JITA NOTEは、日常の出来事を「情報」という視点から捉え直し、少しだけ考え方がクリアになるヒントをお届けするコラムです。
タグは「スペック表」ではなく「履歴書」
古着屋で気に入ったシャツを見つけたとき、ふと「これ、いつ頃の服なんだろう?」と気になることはありませんか。
店員さんに聞くほどではないけれど、少しだけその正体を知りたい。
そんなときは、首元や脇にある小さな「洗濯タグ」を裏返してみてください。
そこには、その服がいつ、どこで生まれたのかを記録した“情報”が隠されています。
タグに刻まれた「数字」を読み解く
例えば、有名なブランドのタグには、それぞれ独自のルールがあります。
・「0398」などの4桁の数字
1998年3月に製造されたことを示す場合がある
・「F02」や「S15」という表記
Fall 2002(2002年秋冬)や Spring 2015(2015年春夏)を意味する略称
・「RN」から始まる番号
アメリカ政府が発行したメーカー登録番号で、ブランドや製造元を特定する手がかりになる
一見ただの記号に見える情報も、読み解き方がわかると、その服の背景が少しずつ見えてきます。

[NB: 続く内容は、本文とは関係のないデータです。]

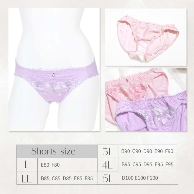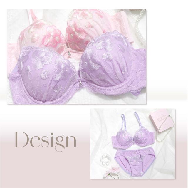 脇高 ソフトワイヤー ブラセット B85-F100 大きいサイズ 艶刺繍 ピンク パープル(J-7049-ef)[メール便不可]【ブラジャー ショーツ アンダー100 下着 レディース Fカップ グラマー 上下セット】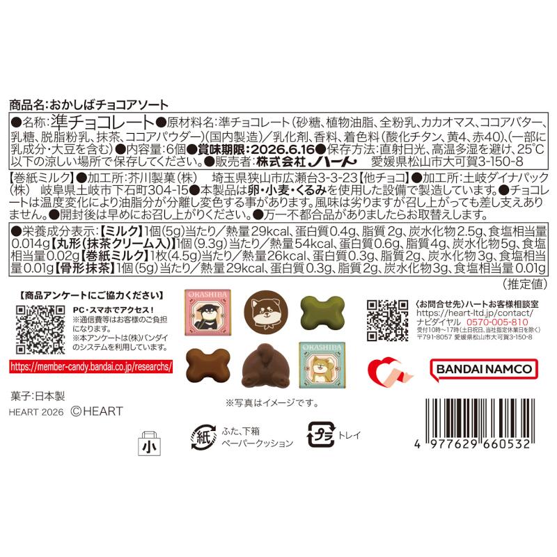 - ●原材料名:準チョコレート(砂糖、植物油脂、全粉乳、カカオマス、ココアバター、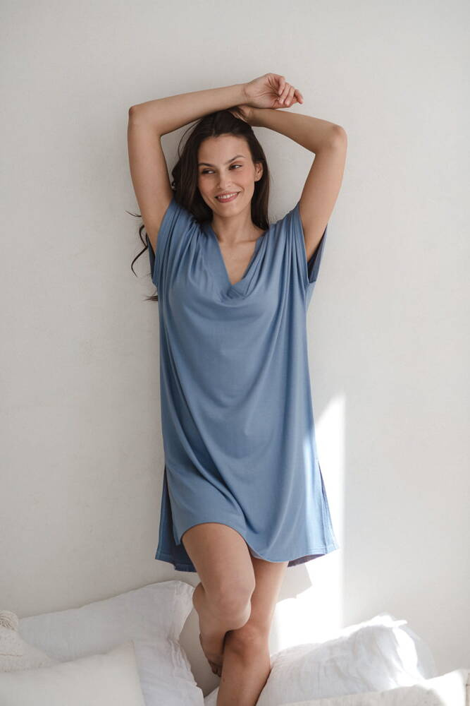 Koszula uszyta z wysokogatunkowej wiskozy bambusowej z dodatkiem elastanu, dzięki czemu nie "wyciąga się" i po praniu wraca do pierwotnego kształtu. Niezwykle elastyczna, dlatego świetnie sprawdzi się jako sukienka porodowa.

「この時代の生地感だな」「このタグは短期間しか使われていない」など、自分なりの納得感も生まれてきます。
「情報の裏側」を覗く楽しみ
今は新しい服が安く、簡単に手に入る時代です。
だからこそ、あえて古い服のルーツを辿ってみる。
「このデザインは、あの時代の流行だったのかもしれない」
そんなふうに、目に見える事実の裏側にある情報に触れることで、ただの買い物が少し違った体験に変わります。
それは、単に服を選ぶだけではない、小さな知的体験ともいえます。
まとめ
モノがどこから来たのかという「履歴」を知ることで、いつもの買い物は少しだけ面白くなります。
私たち日本情報トレーサビリティ協会は、こうした「ちょっとした発見」や「知る楽しみ」も、情報が持つ大切な価値の一つだと考えています。
古着屋に立ち寄った際には、ぜひタグの裏にある情報にも目を向けてみてください。
その一着が、これまでとは少し違って見えてくるはずです。